Combining queries - WITH AS

Combine the above JOIN with a group by to get the number of bags ordered for each state.

WITH orders_and_state AS( 
    SELECT *
    FROM orders
    LEFT JOIN buyer_location
    ON orders.buyer_id = buyer_location.buyer_id
)
SELECT state, SUM(num_bags)
FROM orders_and_state
GROUP BY state

Results interactive:

| state | SUM(num_bags) |
|-------|---------------|
| CA    | 86            |
| NY    | 81            |
| PA    | 3             |
| TX    | 4             |
| WA    | 4             |

Conclusion

This blog post covered some common SQL operations and provided examples.

Appendix

String operations

Get all the buyers from states that contain the letter ‘A’:

SELECT *
FROM buyer_location
WHERE state LIKE '%A%'

Results interactive:

| buyer_id | state |
|----------|-------|
| b2       | CA    |
| b5       | CA    |
| b6       | PA    |
| b7       | WA    |

Date operations

Get total number of bags ordered each month

You can generates months info by parsing the order_date:

SELECT order_id, 
    order_date,
    strftime('%m', order_date) AS month
FROM orders

Results:

| order_id | order_date | month |
|----------|------------|-------|
| 1        | 2022-03-01 | 03    |
| 2        | 2022-03-01 | 03    |
| 3        | 2022-03-01 | 03    |

Now we just need to GROUP BY to get the totals:

SELECT strftime('%Y', order_date) AS year,
  strftime('%m', order_date) AS month, 
  SUM(num_bags)
FROM orders
GROUP BY year, month

Results interactive:

| year | month | SUM(num_bags) |
|------|-------|---------------|
| 2022 | 03    | 35            |
| 2022 | 04    | 25            |
| 2022 | 05    | 82            |
| 2022 | 06    | 36            |

SQLime

SQLime is an SQLite playground that runs in your browser.

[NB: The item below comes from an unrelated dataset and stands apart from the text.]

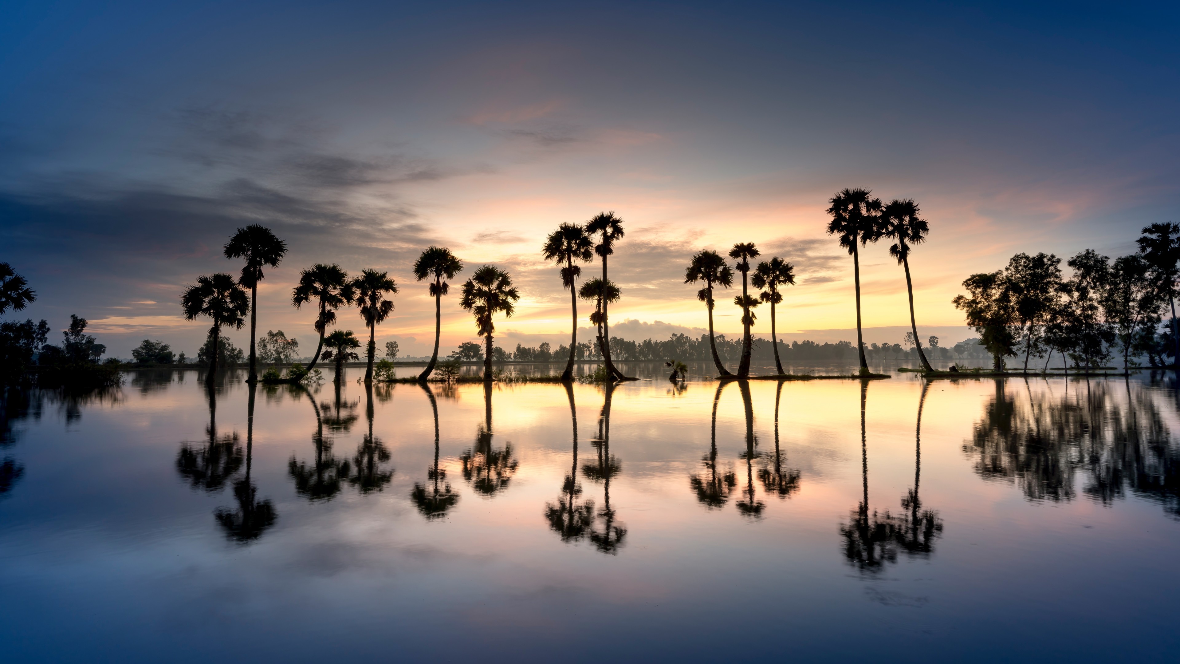 Quiet water, tall silhouettes, and a slow-changing sky—this palm trees wallpaper leans into calm rather than clutter. The reflection line keeps the scene balanced, with the palms spaced evenly across the horizon.

It allows me to upload example databases and code samples into an environment so you can run. SQLite is probably more limited than the runtime you are used to in a production system, but working within these limitations allows me to distribute examples to you.

OLAP vs OLTP

Different databases are optimized for different access patterns.